Correcting textcat.manual

Hi,

I have a couple questions about correcting a text categorization model!

This is how I ran the annotation session:

prodigy textcat.manual annotated-data ./input-data.jsonl --label cat1, cat2, cat3

In my text categorizations, it is possible that sometimes two categories apply to a given text. So when I run the following code, the model will sometimes predict two categories:

prodigy textcat.correct corrected-data ./textcat-model ./inputdata.jsonl --label cat1, cat2, cat3 --exclude annotated-data

In some cases, however, the model predicts two categories, but only one of them is actually correct. It does not seem able for me to correct that; I can't "de-select" one category, and accept the other.

Should I just reject or ignore the annotation?

Can you explain what happens to rejected and ignored annotations when I retrain the model?

Thank you!

Perhaps a nitpick, but are you sure that line would run? I think we don't support whitespaces between labelnames.

> prodigy textcat.manual annotated-data ./issue-6064/examples.jsonl --label cat1, cat2, cat3
Using 1 label(s): cat1
usage: prodigy textcat.manual [-h] [-lo None] [-l None] [-E] [-e None] dataset source
prodigy textcat.manual: error: unrecognized arguments: cat2, cat3

This would work though.

prodigy textcat.manual annotated-data ./issue-6064/examples.jsonl --label cat1,cat2,cat3

Just to check though, are you seeing an interface that looks like this when you run textcat.correct?
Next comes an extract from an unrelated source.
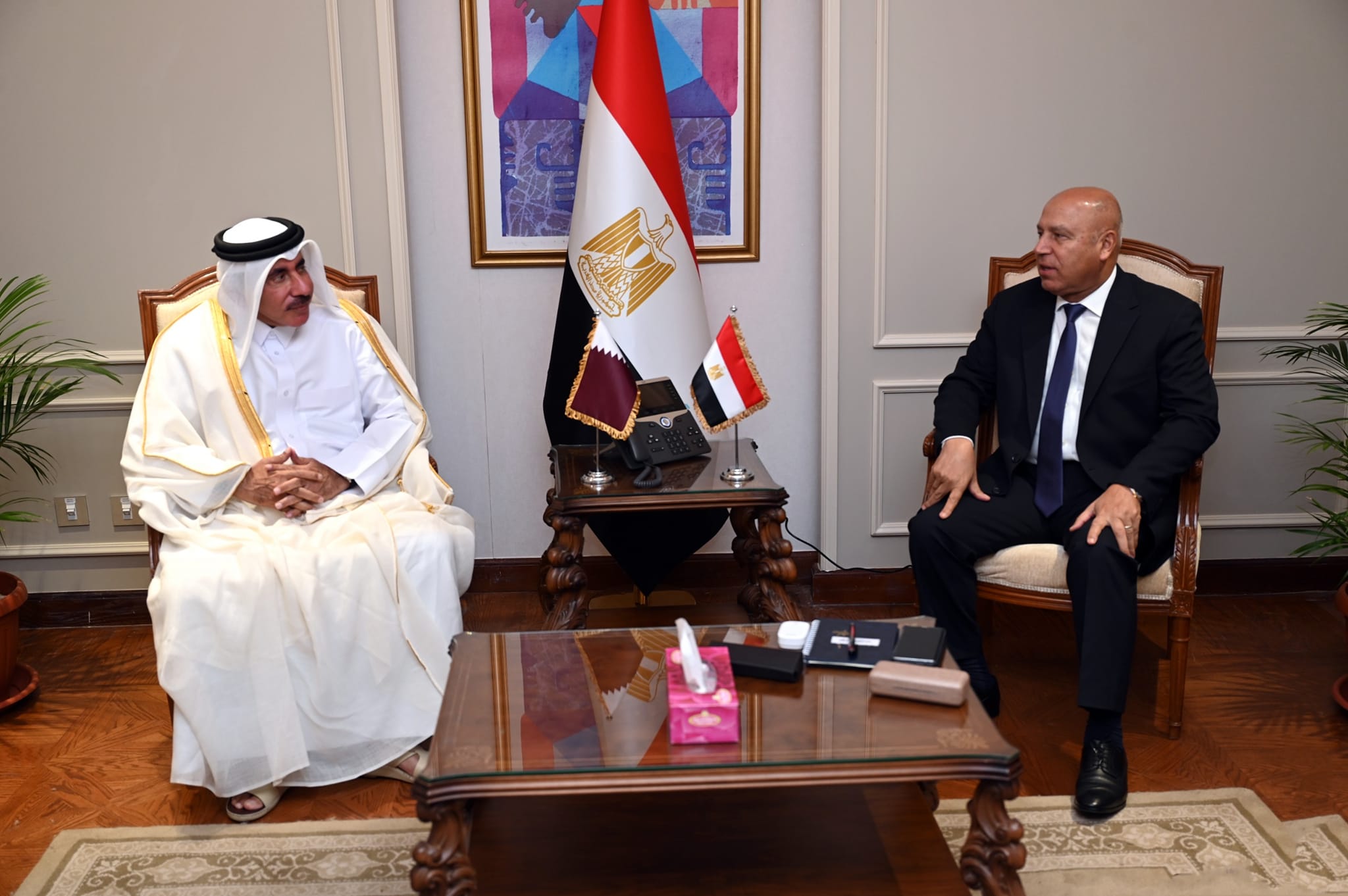وزير الصناعة والنقل يستقبل وزير المواصلات القطري لبحث تدعيم التعاون بين الجانبين في مجالي النقل والصناعة

If not, could you share a screenshot?

Thanks for your response, apologies for the delay in replying!

You are correct, I ran the code without whitespaces between labelnames – I made a mistake in the example!

My interface doesn't look exactly like yours, however. I can only select one category. In this example there are two categories (incorrectly) labeled in grey. I was assuming this meant that they are both selected, but now I am not sure. If my interface looked more like your example, that would be more useful.

Thank you!

Interesting.

Just to check, do you have a custom prodigy.json file defined? If so, does it have the choice_style setting set to "single"? It might be good to manually set it to "manual". The docs explain the reasoning behind this setting here.

We do have a prodigy.json file, but it doesn't specify any choice_style settings!

{
    "db": "postgresql",
    "db_settings": {
      "postgresql": {
        "dbname": "prodigy"
      }
    }
  }

Are there any environment variables that might influence the situation?

You can print them in a Python script via:

import os
​
for name, value in os. environ. items():
    print(f"{name}: {value}")

If it's not that, is there a minimum viable example that you can share? Maybe a single item from your input-data.jsonl file that causes the issue?